Globalement, les Japonais sont le modèle auquel les Taïwanais (au moins, parmi eux, les Chinois) doivent et peuvent aspirer, pour passer du statut colonial au statut de la citoyenneté et d’appartenance à la nation selon les mots d’ordre du dōka (同化, l’assimilation) et du kōminka (皇 民 化 運動, la soumission à l’Empereur) – ce dernier encore en gestation10. Et l’exposition permet d’annoncer la prochaine expansion de l’Empire « vers les mers du sud ».

La grande exposition suivante à Taïwan sera « l’Exposition de la province de Taïwan », organisée en 1948 par le Gouvernement provincial de Taïwan.



NOTES

1 Il n’y a pas d’exposition en 1905 pour cause de guerre russo-japonaise.

2 L’exposition de 1925 a été réduite en ampleur et en durée du fait du grand tremblement de terre du Kanto, en 1923, suivi du grand incendie de Tokyo. Cf. BURDY JP, Tremblement de terre à Tokyo. La colère du Namazu, et le retour de la rumeur…, post du blog L’Esprit des villes, 25 mars 2011: https://sites.google.com/site/lespritdesvillesfr/berlin-istanbul-barcelone-manama . On notera qu’à Taïwan même, la région de Shinshiku- Taichung a été frappée par un violent tremblement de terre le 21 avril 1935, six mois avant l’Exposition: plus de 3200 morts, de très importants dégâts. Cf. https://tw.news.yahoo.com/1968-4-21-002910607.html

3 Dès 1897, le Bureau du gouverneur-général de Taïwan présente des pavillons taïwanais dans les différentes expositions régionales ou nationales au Japon. Tokyo a présenté un pavillon japonais à l’Exposition universelle de Paris en 1900.
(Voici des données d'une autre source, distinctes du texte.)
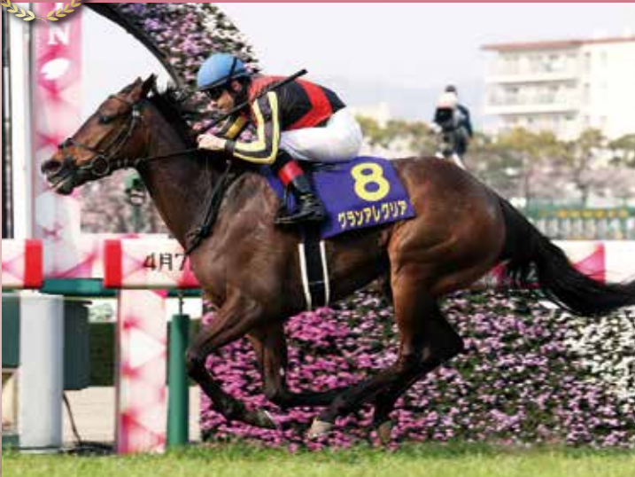
2019年の本競走など芝1600mの距離で圧倒的強さを誇ったマイル女王。桜花賞は前年の朝日杯フューチュリティS(3着)以来というローテーションであった。

4 Cf. ALLEN Joseph R., Exhibiting the Colony, Suggesting the Nation: The Taiwan Exposition, 1935, 2005, (*Facs*) Exhibiting the Colony, Suggesting the Nation: The Taiwan Exposition, 1935 .

5 Par exemple, pour l’iconographie illustrant cette page : 始政四十周年記念臺灣博覽會, https://zh.wikipedia.org/wiki ; 始政四十周年紀念臺灣博覽會, https://factpedia.org/wiki/ . Un documentaire sur youtube : https://www.youtube.com/watch?v=D0r_wSJK47I

6 Depuis Meiji, le « néo-classique japonais », de style éclectique, mêlant brique rouge et ciment, emprunte beaucoup aux architectures néo-tudor ou néo-baroque britanniques.

7 La comparaison avec l’Exposition des Arts décoratifs de Paris en 1925 s’impose au regard de nombre d’architectures et d’éléments décoratifs des pavillons.

8 L’Empire de Corée, « allié militaire du Japon » en 1894, devient protectorat japonais en 1905, puis est annexé en 1910. La Corée devient alors une province du Japon, sous le nom de Chōsen (朝鮮), jusqu’en septembre 1945. Le Mandchokuo (滿洲國 / 満州国) ou « Grand État mandchou de Chine », déclaré indépendant de jure en février 1932, avec à sa tête le gouverneur, puis empereur PUYI, est en réalité un Etat satellite du Japon – il est souvent qualifié « d’État fantoche ». Il disparaît en août 1945, lors de l’arrivée des troupes soviétiques. En réalité, comme Taïwan, Corée et Mandchokuo sont des colonies japonaises de facto.

9 Cette présentation ethno-folklorique des Aborigènes ressortant plus d’un regard du XIXe siècle, est en décalage évident avec l’évolution d’une partie des tribus via la scolarisation volontariste et l’intégration sociale déjà amorcée.

10 Cf. CHING Leo T.H., Becoming Japanese. Colonial Taiwan and the Politics of Identity Formation, University of California Press, 2001, 268p.